By Andrew Brandt
While it is far from the first Trojan ever to simply fail to execute under Windows XP, it definitely caught our eye that a variant of Trojan-Downloader-Tacticlol distributed last week in a spam campaign only fully executed under Windows Vista or newer operating systems. It may have been just a fluke, but repeated tests with both a virtual machine and real hardware running Windows XP at various patch levels showed that the Trojan we received attached to a spam message simply quit when executed in an XP environment, but ran smoothly and did all its planned dirty work on a Windows Vista testbed.
The Trojan, which is capable of causing a devastating malware infection, drops a DLL with an odd name made up of random letters into the system32 folder, then registers the DLL so it loads the next time the computer boots up. After a reboot, it kicks into full swing, pulling down a variety of malware installers.
The spam message (we got a bunch of different variations, all with the same attachment) came from a variety of falsified return addresses. The message, with a subject of Statement of fees 2009/2010 contains an utterly incomprehensible body, which reads, in part: “The accomodation is dealt with by another section and I have passed your request on to them today.” It looks very similar to a message I get from the toll road authority here in Colorado that uses electronic toll collection. The real entity emails a statement every so often with an attached PDF, though the real toll road statement doesn’t appear to come from the domains “reclusivebillionaire.com” or “reelsolutions.com.” Nice try, sparky.
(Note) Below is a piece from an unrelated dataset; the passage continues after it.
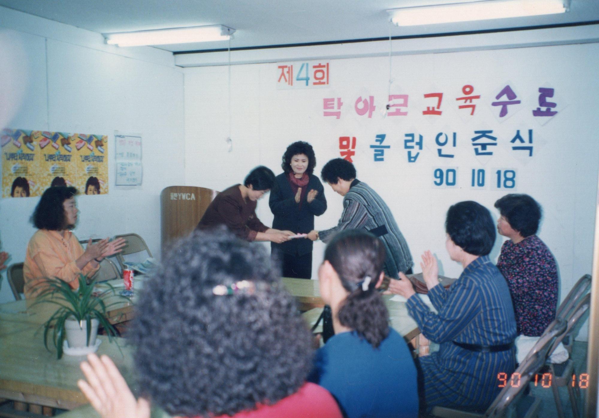 1990년 10월 18일 YWCA 회관에서 제4회 탁아모 교육 수료식 및 클럽 인준식을 진행하였다.
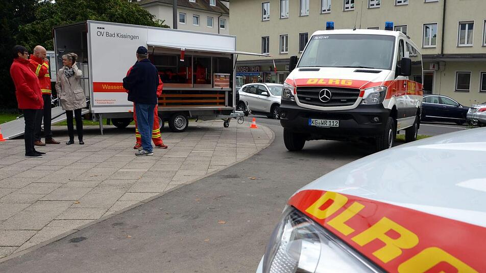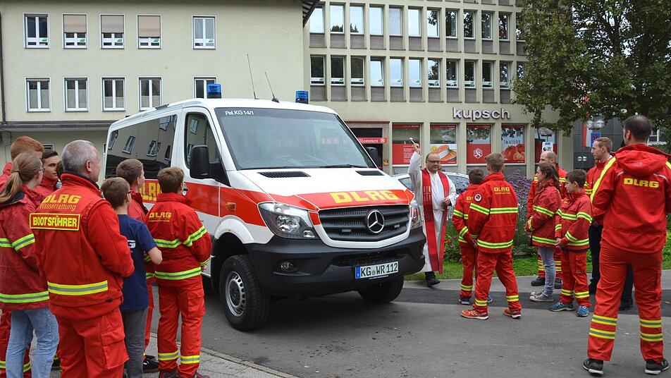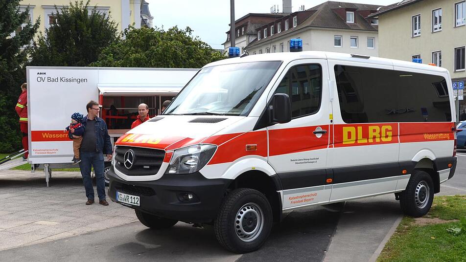 2013 war auch die DLRG-Ortsgruppe (Deutsche Lebensrettungsgesellschaft) Bad Kissingen zum Hochwassereinsatz nach Oberbayern abkommandiert worden. Damals stellte sich heraus, dass die Wasserretter für ihre primäre Aufgabe zwar gut ausgebildt und ausgerüstet waren es fehlte aber an der Logistik. So entschlossen sich DLRG-Landesverband und bayerisches Innenministerium, die 14 zur DLRG gehörenden Wasserrettungszüge jeweils mit einem Zugfahrzeug samt Hänger nachzurüsten. Dieser Fuhrpark wurde Anfang August an die jeweiligen Verbände übergeben. In Bad Kissingen, dessen Schnelleinsatzgruppe ebenfalls verstärkt wurde, wurde nun die kirchliche Segnung der beiden Fahrzeuge vorgenommen. Wie der "Chef" der Kissinger DLRG Gruppe verlauten ließ, habe man sich um die beiden Fahrzeuge beworben und auch den Zuschlag, wie 13 andere bekommen. Damit sind die beiden, zum Wasserrettungszug "Unterfranken II" gehörenden Fahrzeuge, in Bad Kissingen stationiert. Es handelt sich dabei zum einen um einen höhergelegten 180 PS starken Allrad-Mercedes-Sprinter der sowohl zum Personentransport wie auch als Zugfahrzeug für den zweiachsigen Hänger dient. Beide Fahrzeuge haben keine Rettungsgeräte an Bord, sondern dienen rein der Beförderung der Retter und ihrer persönlichen Ausrüstung. So sind auf dem Hänger insgesamt 38 Feldbetten, Wolldecken, Tische und Sitzgelegenheiten für ebenso viele Personen verladen.

More interestingly, though, is the idea that this Trojan, which is so prevalent and widely distributed, may signal the start of a trend where malware authors begin turning away from XP as the dominant operating system they target.
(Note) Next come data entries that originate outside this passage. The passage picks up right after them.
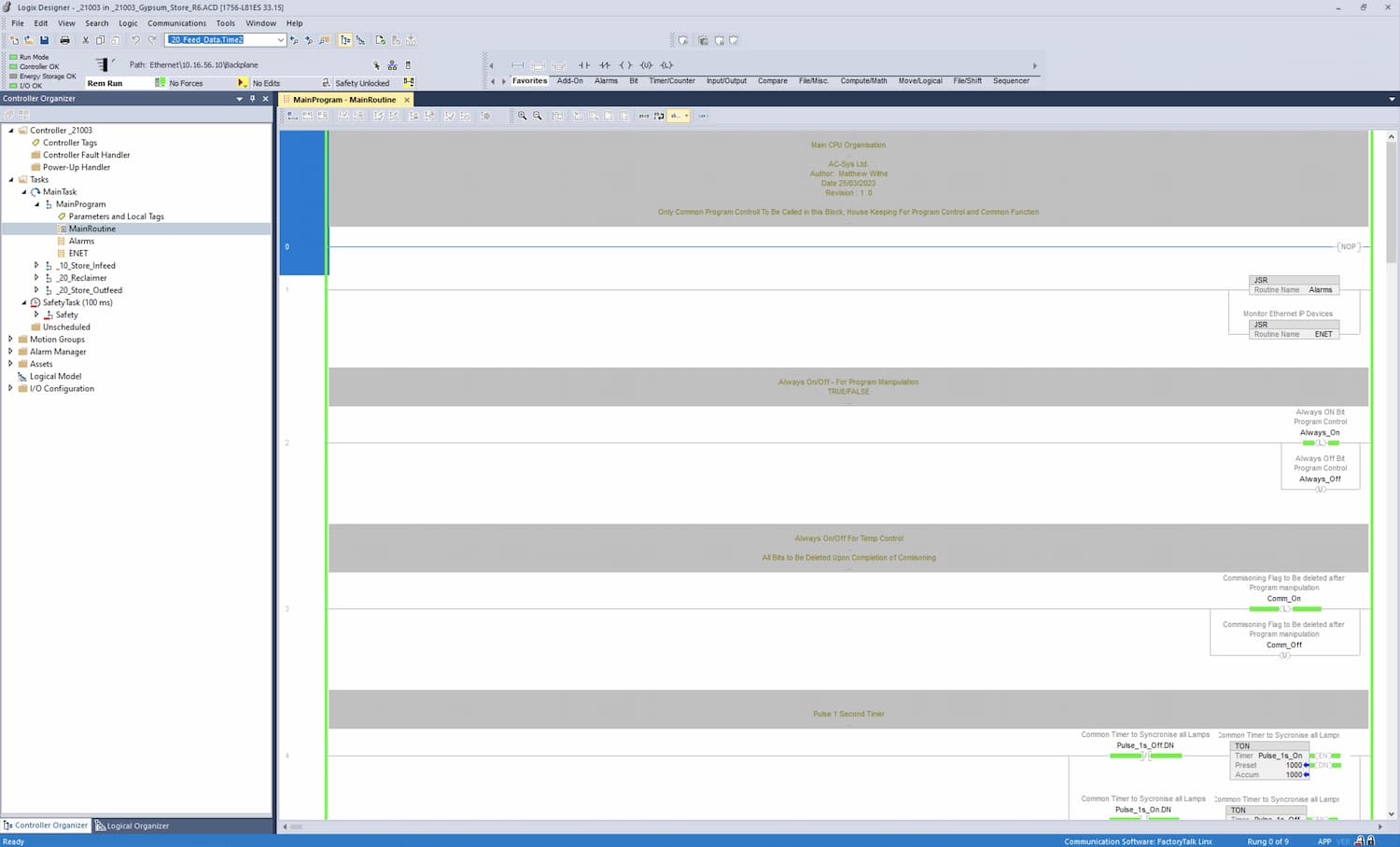 At AC Sys our PLC programming is produced to the strictest engineering standards. This is a core business aim: To ensure full transparency of the control logic, that is viable and maintainable by the end user. We don’t lock down code and ensure every network, operand and function is fully documented and commented, I/O is descriptive, and logic is structured into modular, organised blocks. We implement layered architecture (device, control, sequencing, safety) so responsibilities are clear, change impact is minimised and commissioning is simplified. Field bus communications and protocols are defined and verified, and version control with release notes ensures traceability.
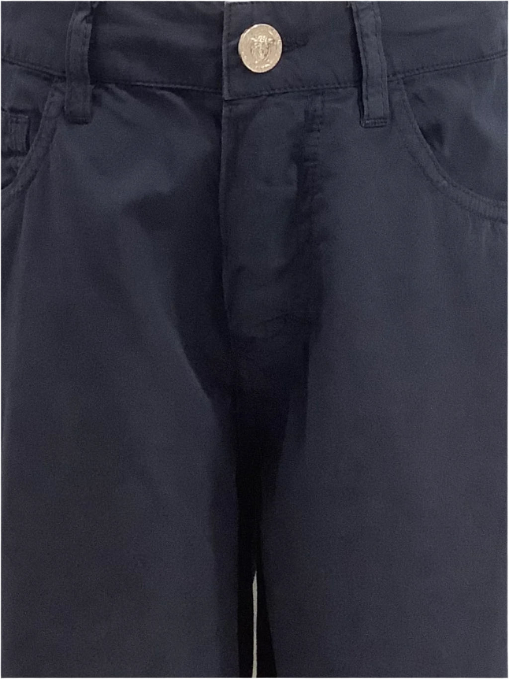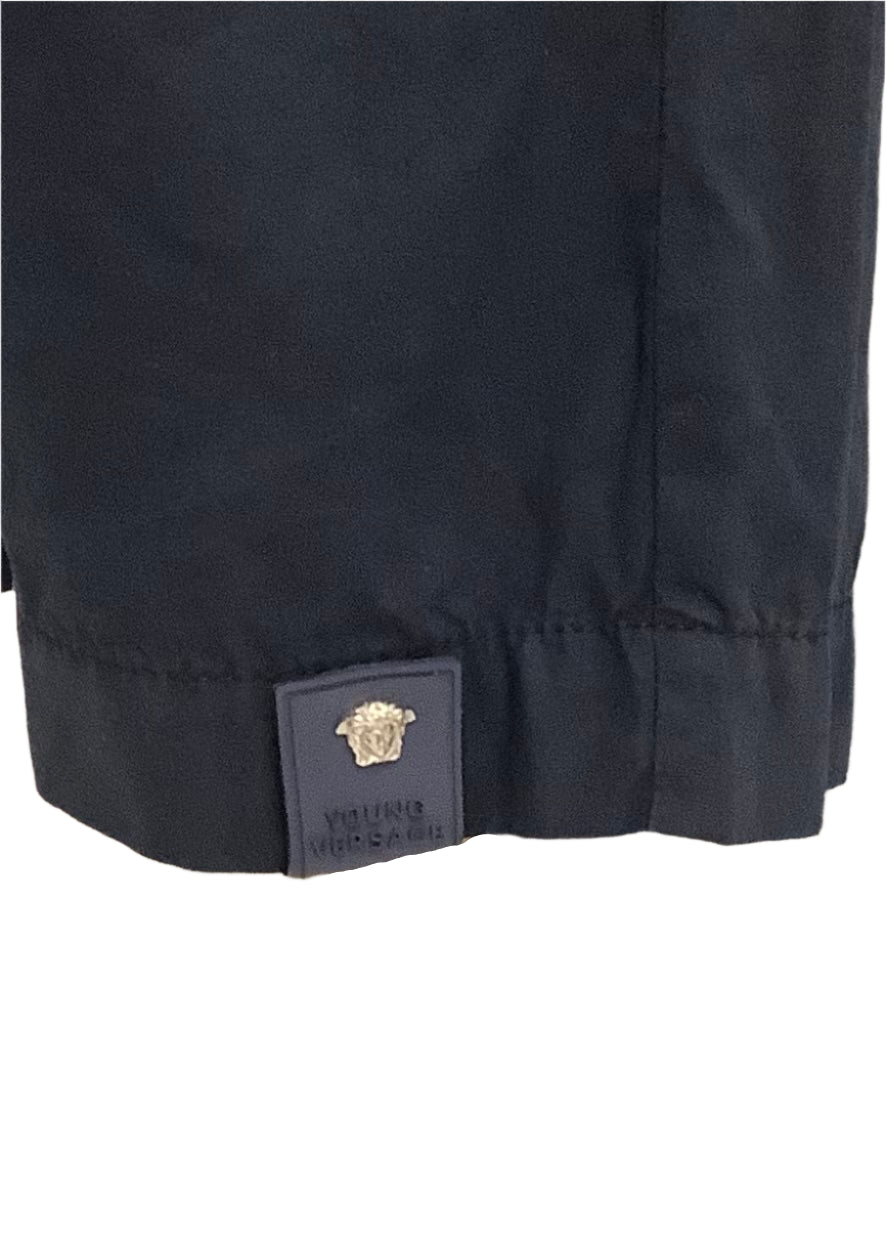 This plain navy blue short designed with pockets front and back, it has a coin pocket at the right side in front. Adjustable waistband. Rubber brand name with medusa head at the left hem. Zipper for opening.
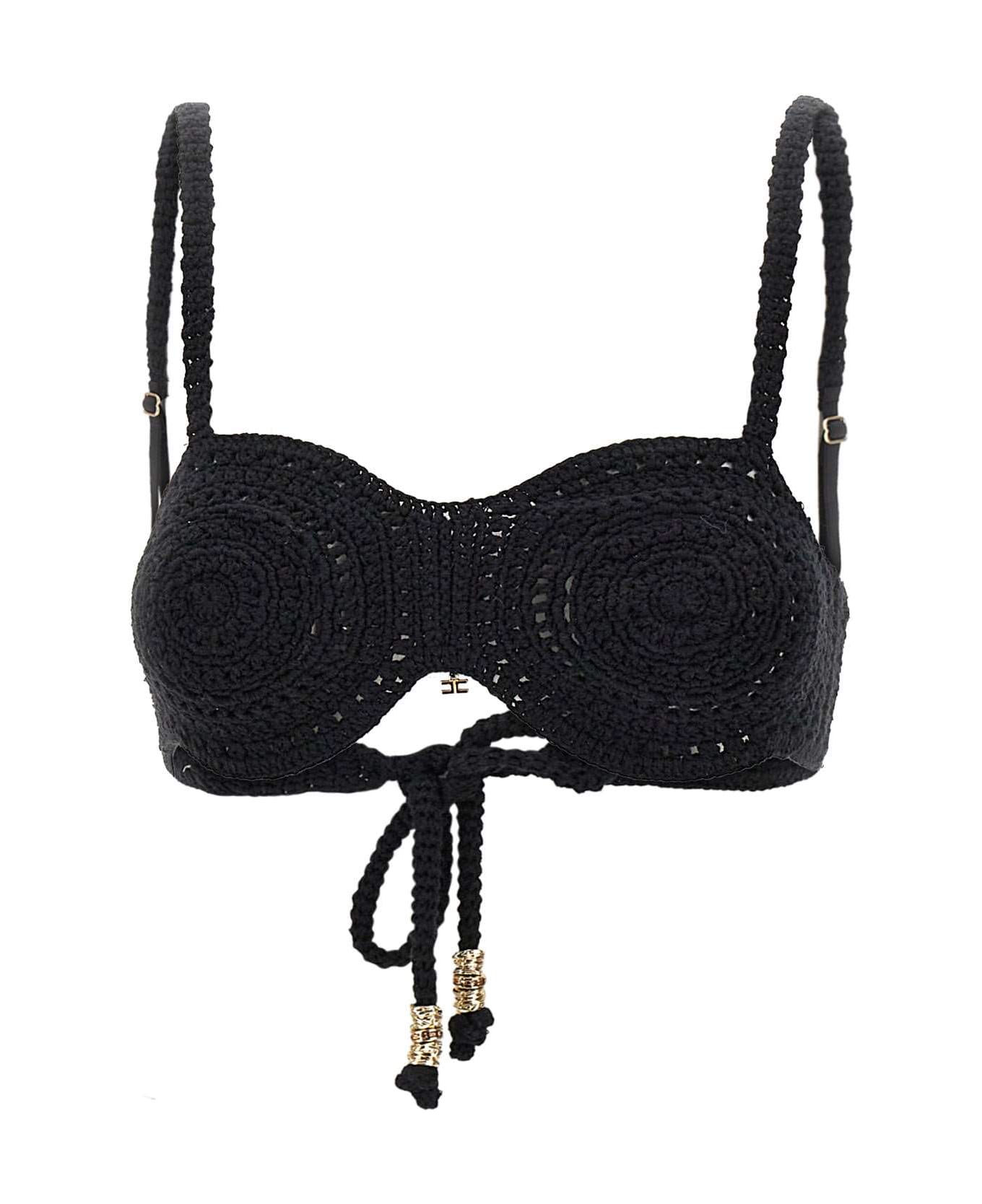 Elisabetta Franchi Daily" top, black, hand crochet work, back adjusters and gold metal charms detail. Regular fit. Perfect for summer season. Made in Italy.

As with previous Tacticlol messages, the spam’s attachment is a .zip file. In this case, the attachment named Statement_of_Fees_2009-2010.zip contains a roughly 50KB malware installer named Statement_of_Fees_2009-2010.DOC.exe – a program with an icon designed to fool a casual user into thinking the executable is actually a Microsoft Word 2007 document, and an extra file extension to trick users who still foolishly have the “Hide File Extensions for Known File Types” option selected in their Folder settings for Windows Explorer. If you are one of these people, click Tools, Folder Options in any Explorer window, then switch to the View tab and clear this checkbox.
With the exception of not working properly under XP, the Trojan behaves identically to prior versions: It retrieves instructions from a command-and-control server to pull down executable payloads from other servers, as well as add some “backup” CnC server addresses to the Windows Registry under subkeys beneath the HKLM\software\classes\idid path. This particular version pulled down a wide variety of payloads, from a Zbot keylogger, to a Pushu spam bot, to another nasty downloader called TDSS, to a new version of a rogue AV that calls itself Sysinternals Antivirus (a play on the name of the highly reputable software company founded by Windows experts Mark Russinovich and Bryce Cogswell, later purchased by Microsoft).
For some time, the conventional wisdom in malware analysis has been that, if you want to do research in a real test environment, it makes sense to use the oldest, most vulnerable, most attacked version of Windows. This development of a Trojan which simply rejects Windows XP as a platform for infection may signal that it’s time for researchers to broaden their horizons and look at these newest, supposedly more secure platforms, more carefully than we may have done in the past.